THE VIRGINIAN-PILOT Copyright (c) 1994, Landmark Communications, Inc. DATE: Wednesday, August 3, 1994 TAG: 9408030449 SECTION: FRONT PAGE: A1 EDITION: FINAL SOURCE: BY JON FRANK, STAFF WRITER DATELINE: NORFOLK LENGTH: Medium: 88 lines
Escaped murderer Thomas L. Bonney was captured Tuesday night under a highway overpass in Willoughby Spit, ending a five-day manhunt for the former Chesapeake auto parts salvager who was convicted in 1988 of shooting his daughter 27 times.
Bonney was taken into custody by Virginia State Police investigators about 9:30 p.m. while he was walking toward Willoughby Bay under an Interstate 64 overpass near 13th View Street.
Bonney, 51, put up no resistance and was carrying no weapons, said state police spokeswoman Tammy Van Dame.

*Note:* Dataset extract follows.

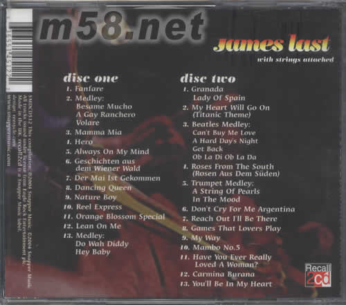 WITH STRINGS ATTACHED悠弦樂韻(m58.net) 指揮大師JAMES LAST 精選,收錄多首經典作品,包括:DANCING QUEEN ,HERO,ALWAYS ON MY MINDS,MY HEART WILL GO ON ,BEATLES MEDLEY,IN THE MOOD,MY WAY 等,共冶一爐,令聽眾感受大師的音樂才華及熱鬧氣氛!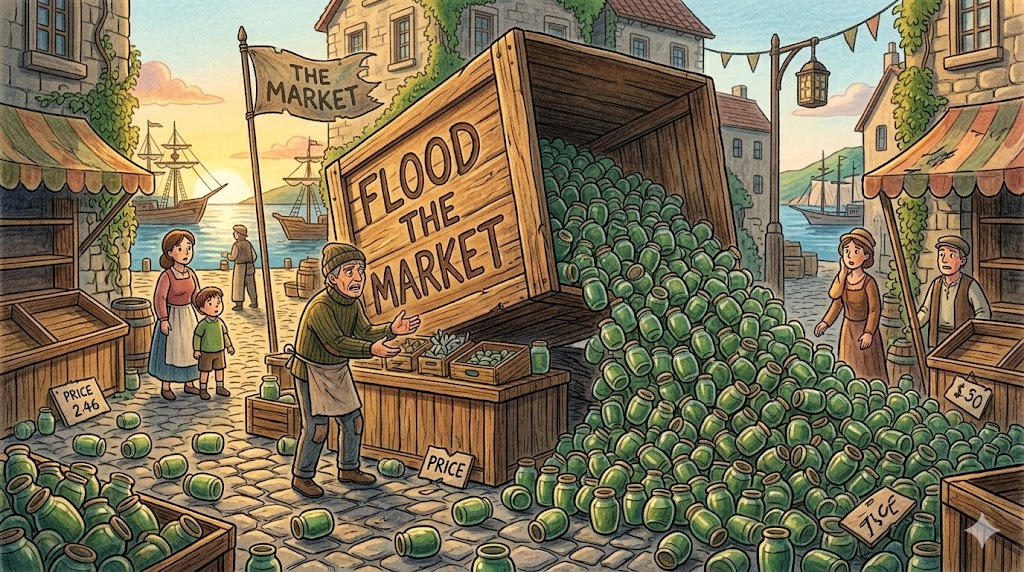 4. flood the market [flʌd ðə ˈmɑːrkɪt]

Van Dame said Bonney, who was diagnosed with a multiple-personality disorder in 1991, appeared extremely disoriented when police found him wandering aimlessly near the water. Bonney was carrying asthma medicine and pictures of his family. He was wearing a mechanic's shirt with the name Robert scripted across the front pocket.
``The best thing I can say is that he is appearing not to remember a whole lot, including who he might be,'' said Phil Foster, assistant special agent in charge for the state police.
Several witnesses tipped police Tuesday that they had seen Bonney for at least two days in Ocean View, according to someone close to the investigation. The witnesses were responding to pleas made through the media for help in locating Bonney.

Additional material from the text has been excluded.